Here’s this Kentucky dude whose every action, before Tuesday, painted him as one of the most cynical operators we’ve seen on Capitol Hill since Pitchfork Ben Tillman–and now, suddenly, he’s gone all rational on us, chiding his Republican forces (that means you, Eric) about leading the party to the electoral slaughterhouse if they don’t take this debt ceiling business seriously. He has proposed to place the responsibility for raising the debt ceiling solely on the President and let Obama run with that. This is looking more likely today than it did yesterday.

But what will happen tomorrow? Obama and Boehner proposed to do something really good for the country. Obama and the Republican leadership could still work out a significant deficit reduction deal–as Jay Newton-Small reports, $1.7 in cuts have already been agreed upon–if the CantorTeasians are will to bend just a teensy bit and include some loophole closing. Or we can just forget about the whole thing, go the McConnell route…in which case, I hope the President submits his $2 Trillion defict reduction compromise bill to the Congress and dares the Republicans to vote against it.

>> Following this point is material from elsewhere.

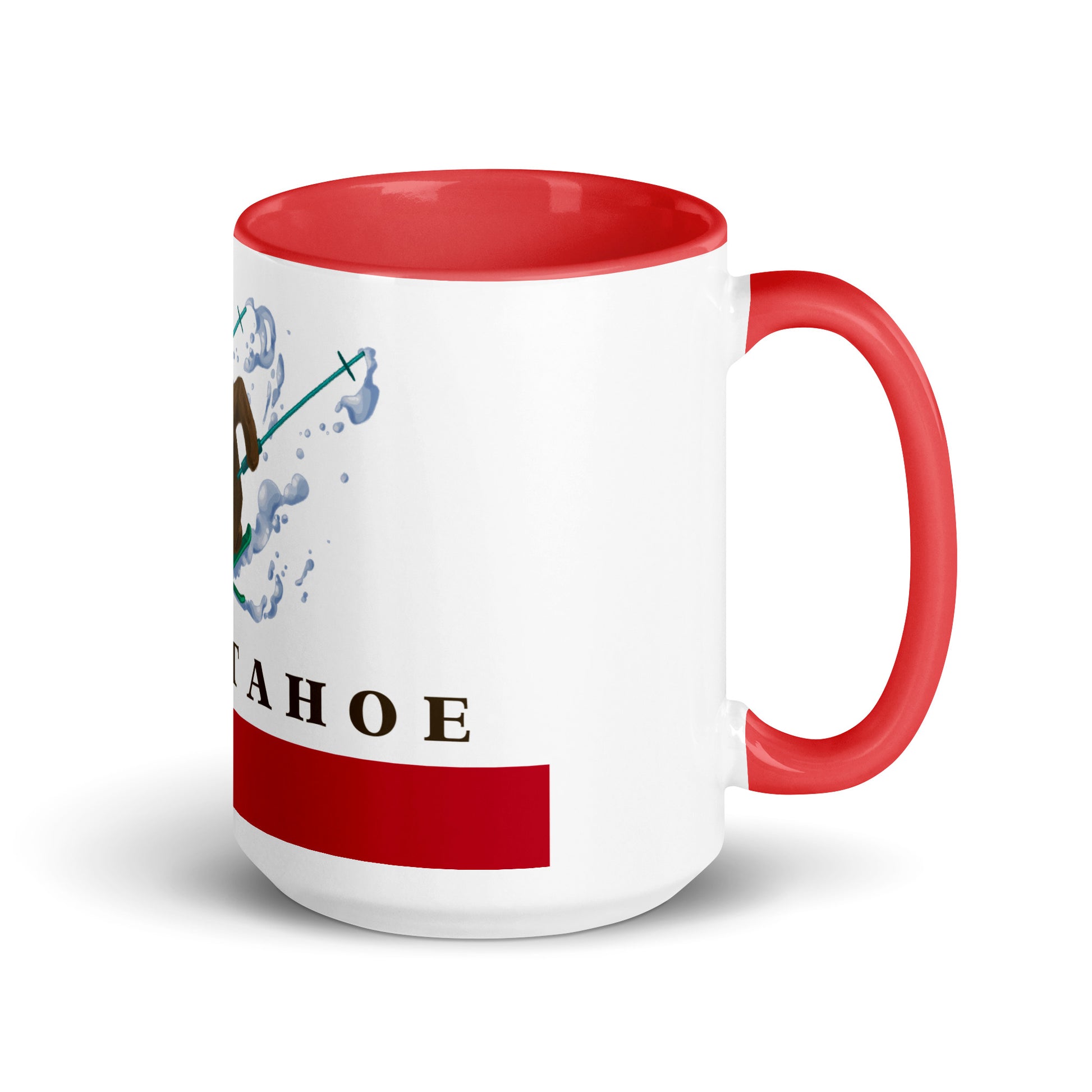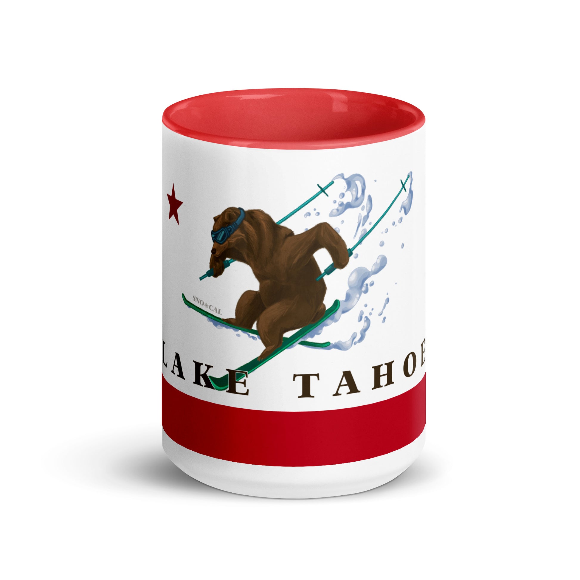 Drink your morning coffee or tea with this Lake Tahoe CA skiing grizzly mug! These ceramic mugs not only have a cool CA flag design on them, but also a red rim, handle, and inside, so the mug will add some spice to your mug rack.

In an upcoming print column, I interview Grover Norquist, who came up with the idea of the No Tax pledge when he was in high school as a way to “brand” the Republicans and distinguish them from the Democrats. And there you have it in a nutshell: You can agree or disagree with Ronald Reagan–my own feeling is that his reputation is overblown–but the guy had principles. He was also a pol and he knew that the politics of principle was always, under the best of circumstances, a matter of two steps forward and one step back. That’s why he raised taxes, massively, three times (in 1982, almost exclusively on businesses, for chrissakes).

But the Republican Party has moved from Reagan’s politics of principle to Norquist’s politics of marketing. The central principle of marketing is: you sell to the niche, you protect your niche and make money off of it, your brand–not your principles–is your most valuable commodity. That’s the secret of Fox News–brand over reality. And that’s the reason why the Republican Party is in serious danger of reducing itself to a drooly-mouthed anti-tax cult. And to think: they used to be considered the grownups.